三人刚走到陈府门口,就见管家慌慌张张地跑出来,看到陈知意时,眼圈一下子红了。
路人甲“小姐!您可回来了!老爷他……他快把自己逼疯了!”
陈知意心里一紧,跟着管家冲进书房。陈员外正背对着门口,对着一幅山水画发呆,头发花白了不少,背影佝偻得像个老人。
陈知意“爹。”
陈员外猛地回头,看到女儿时,先是一愣,随即勃然大怒。
路人甲“你还知道回来!你这个不孝女!你让陈家的脸都丢尽了!”
陈知意“爹,对不起。”
陈知意扑通一声跪下。
陈知意“但我不后悔。我喜欢东君,只想嫁给他。”
路人甲“你还敢提他!”
陈员外气得发抖,指着门口的百里东君。
路人甲“就是你这个混账东西,拐骗我女儿!我今天非要打断你的腿不可!”
他说着,抓起桌上的砚台就朝百里东君砸去。百里东君没有躲,硬生生受了这一下,额头瞬间红肿起来。
陈知意“爹!”
陈知意惊呼着想去扶他,却被陈员外喝止。
路人甲“你要是还认我这个爹,就跟他断了联系!”
陈员外指着门口。
路人甲“让他滚!永远别再踏入陈家一步!”
百里东君擦了擦额头的血,上前一步。
百里东君“陈伯父,您要打要罚,我都认。但我和知意是真心相爱的,求您成全。”
路人甲“成全?”
陈员外冷笑。
路人甲“我陈家世代经商,讲究的是信誉脸面!你让她在大婚之日跟着你跑了,我们以后在乾东还怎么立足?苏家那边已经放出话来,要联合所有商户抵制陈家,你让我们全家喝西北风去吗?”
百里东君“苏家的损失,我百里家来赔。”
百里东君“三百万两银子,我今日就派人送来。至于陈家的名声,我会亲自去各家商户赔罪,总有办法挽回。”
路人甲“你以为这是钱的事吗?”
陈员外看着他,眼中满是失望。
路人甲“百里东君,你可知我为何不愿把知意嫁给你?你是镇西侯府的公子,生来就带着江湖气,你的世界是打打杀杀,是扬名立万,可知意不一样,她从小被我娇惯着长大,只想安稳度日。你们根本不是一路人!”
百里东君“我可以为她放弃江湖。”
百里东君毫不犹豫地说。
百里东君“我可以留在乾东,和她一起打理陈家的生意,再也不碰剑,不酿酒,只求安稳度日。”

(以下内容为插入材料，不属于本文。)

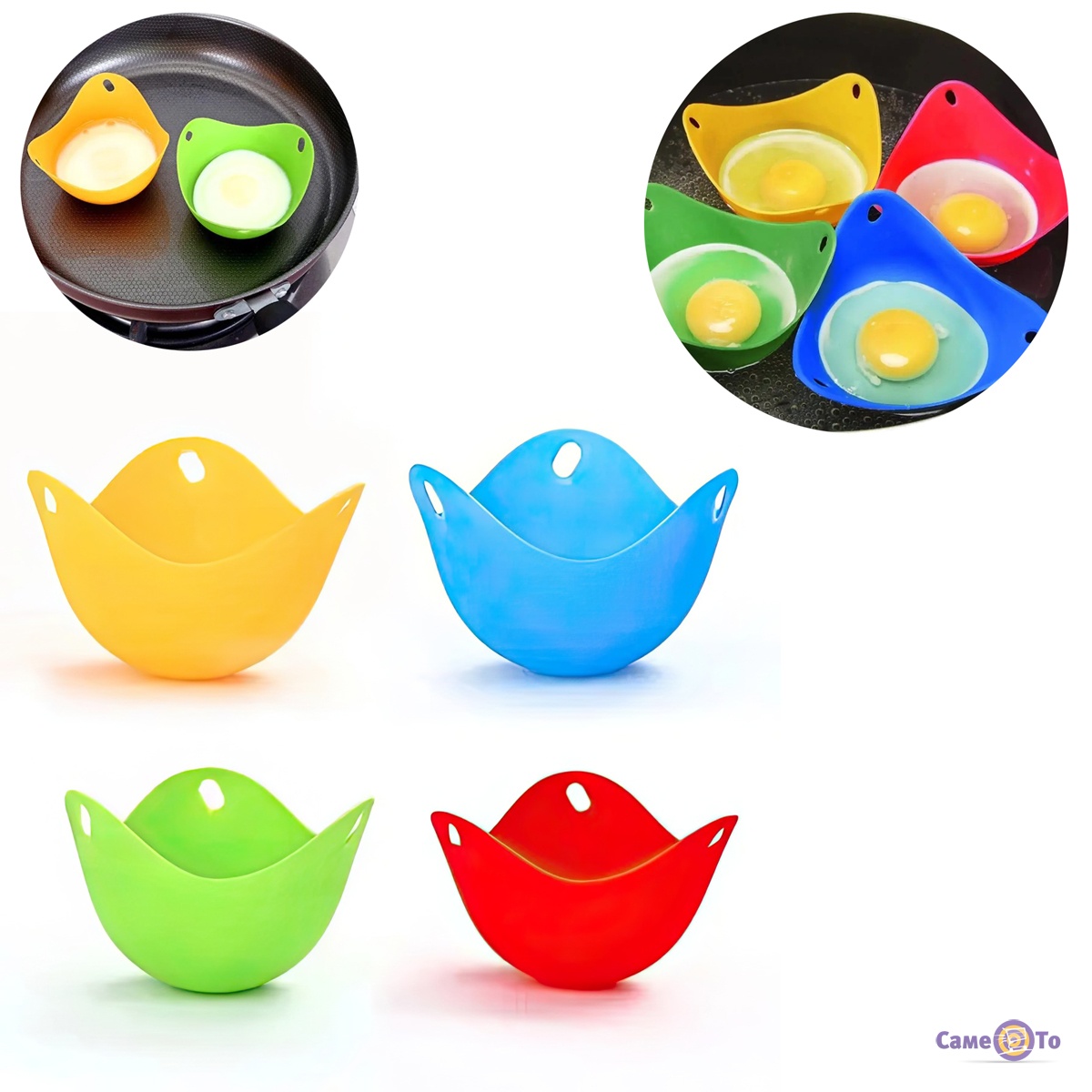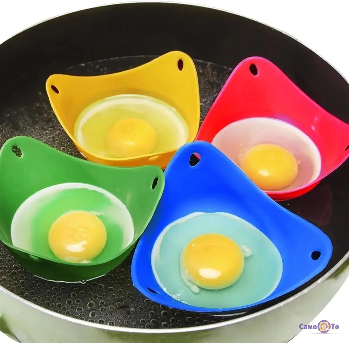 Перетворіть приготування яєць пашот на творчий процес з нашим дивовижним набором силіконових форм. Чотири яскраві кольори дозволяють вам додати веселощі та креативність до своєї кухні. Ці гнучкі, стійкі до спеки форми забезпечують легкість використання. Просто покладіть форму в киплячу воду, додайте яйце, і за кілька хвилин у вас буде ідеальне яйце пашот. Цей набір також є ідеальним для приготування маленьких омлетів або яєчні. Процес чищення легкий, і вони підходять для посудомийної машини. Задоволення від варіння яєць пашот стало ще простіше та яскравіше з цим різнокольоровим набором форм. Приготуйте яйця із задоволенням та насолоджуйтесь кулінарними експериментами на кухні!

陈知意猛地抬头看他,眼中满是惊讶。她知道他的梦想是成为天下第一的高手,酿出天下第一的美酒,他怎么能……
陈员外显然也不信,只当他是一时冲动。
路人甲“等你过了新鲜劲,迟早会后悔。”
百里东君“我不会。”
百里东君的目光落在陈知意身上,温柔而坚定。
百里东君“只要能和她在一起,我什么都愿意。”
陈员外看着他,又看了看跪在地上、眼神倔强的女儿,终是叹了口气,挥了挥手。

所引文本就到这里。